That's a crisis?

By Baker City Herald Editorial Board August 12, 2011 06:43 pm

The word “crisis” pretty well was worn out during discussions this winter and spring about Oregon’s two-year budget cycle, which started July 1.

Turns out we could have just let that word relax.

Considering what state officials have done — and what they haven’t done — in the past six months, describing the state’s fiscal situation as a crisis seems at best exaggerated, and at worst grossly misleading.

First, the Legislature failed to do anything to curb the cost of Oregon’s Public Employees Retirement System.

More recently, Gov. John Kitzhaber, who wasn’t averse to dire predictions about the budget after he was elected last November, negotiated contracts with the two unions that combined represent most state workers.

Those deals, which have yet to be ratified by union members, look a lot more like the status quo than they do the result of a financial emergency.

The (Salem) Statesman Journal, which analyzed the contracts, reported this week that “workers will tread water in the 2011-12 fiscal year, making about the same amount of money they made the year before.”

“A set of pay increases will allow workers to make a little more money in the second half of the biennium,” the newspaper reported.

So Oregon officials, from the governor on down, seem to be saying, in essence, that treading water constitutes a crisis.


Drowning is a crisis.

There are hundreds of thousands of Oregonians who don’t work for the state who would readily trade their situation for “making about the same amount of money” this year and “a little more money” next year.

Many of those workers make less money now than they did before the recession.

Quite a few others aren’t working at all, an experience exceedingly rare in state agencies.

The Statesman Journal article quoted a few state workers who complained that the contract doesn’t keep pace with inflation.

Well, inflation applies to everyone.

Do state employees, who in addition to their pay raises also have generous medical insurance plans and, in the case of thousands of workers who were hired before 1996, guaranteed pensions, truly believe that they are faring worse than most other Oregonians?

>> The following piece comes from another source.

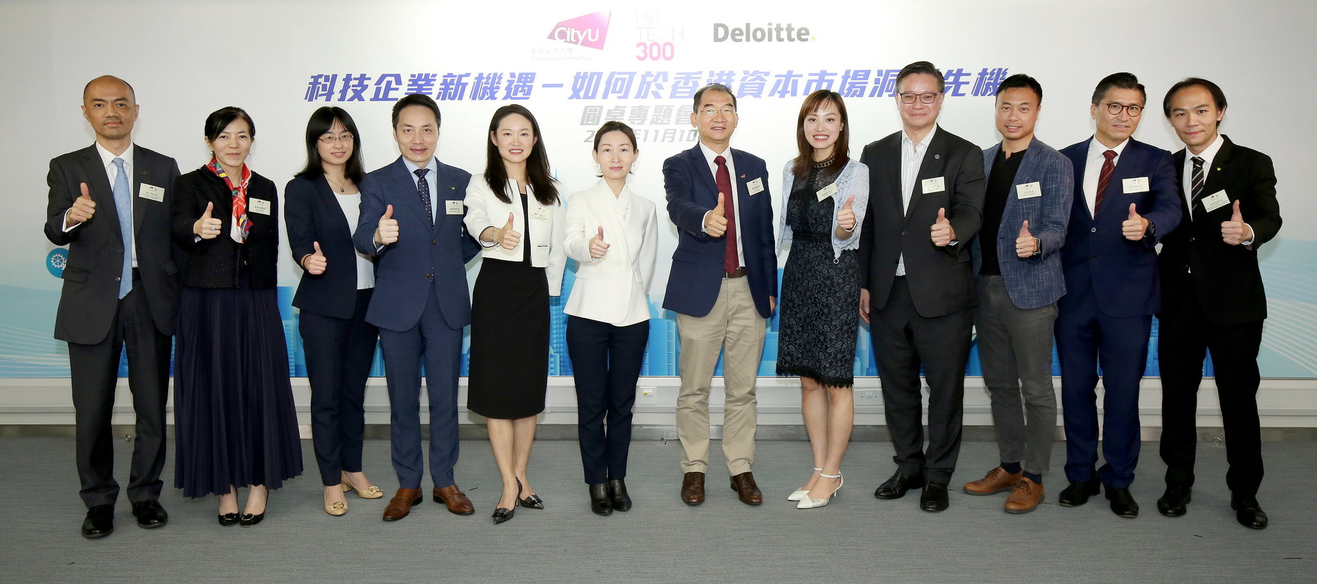 (from left) Mr Paul Chau, Head of Investment Banking & Global Capital Markets, Ping An of China Capital (Hong Kong) Co. Limited; Ms Iris Leung, Partner, Hong Kong Office of K&L Gates; Ms Winnie Han, Head of China Issuer Services and Senior Vice President of Global Issuer Services of HKEX; Mr Edward Au, Southern China Region Managing Partner of Deloitte China; Ms Yang Mengyang, Executive Director and Head of Hong Kong PE Business, CICC Capital Management Department, CICC; Dr Hon Wendy Hong Wen, Legislative Council Member (Election Committee); Professor Michael Yang, Vice-President (Research & Technology), CityU; Ms Lillian Cheong Man-lei, Under Secretary for Innovation, Technology and Industry; Mr Raymond Wong, Head of Investment, Hong Kong Science and Technology Parks Corporation (HKSTP); Mr Lap Man, Founding Partner, Beyond Ventures; Hon Duncan Chiu, Legislative Council Member (Technology and Innovation); and Mr Robert Lui, Southern Region and Hong Kong Offering Services Leader of Capital Market Services Group, Deloitte China.

As for medical insurance, the employees interviewed for the Statesman Journal story also lamented that, for the first time, they will be required to pay a portion of their premiums.

The staggering toll: 5 percent.

Here’s the thing: We don’t like to malign state employees. The vast majority of them, just as in the private sector, are diligent, competent people who do their jobs and live a middle-class lifestyle.

And they have had to sacrifice during the recession — most notably, by taking required furlough days without pay.

But it’s difficult to muster much sympathy for a group that, compared to Oregon as a whole, has come through the economic doldrums relatively unscathed.

The only real villains, though, are the state lawmakers and officials who strived to paint a woeful picture of Oregon’s budget yet, when it came to the most expensive item on the tab — personnel costs — decided it could afford to spend a little more.

The only clear crisis we can see is one of conscience.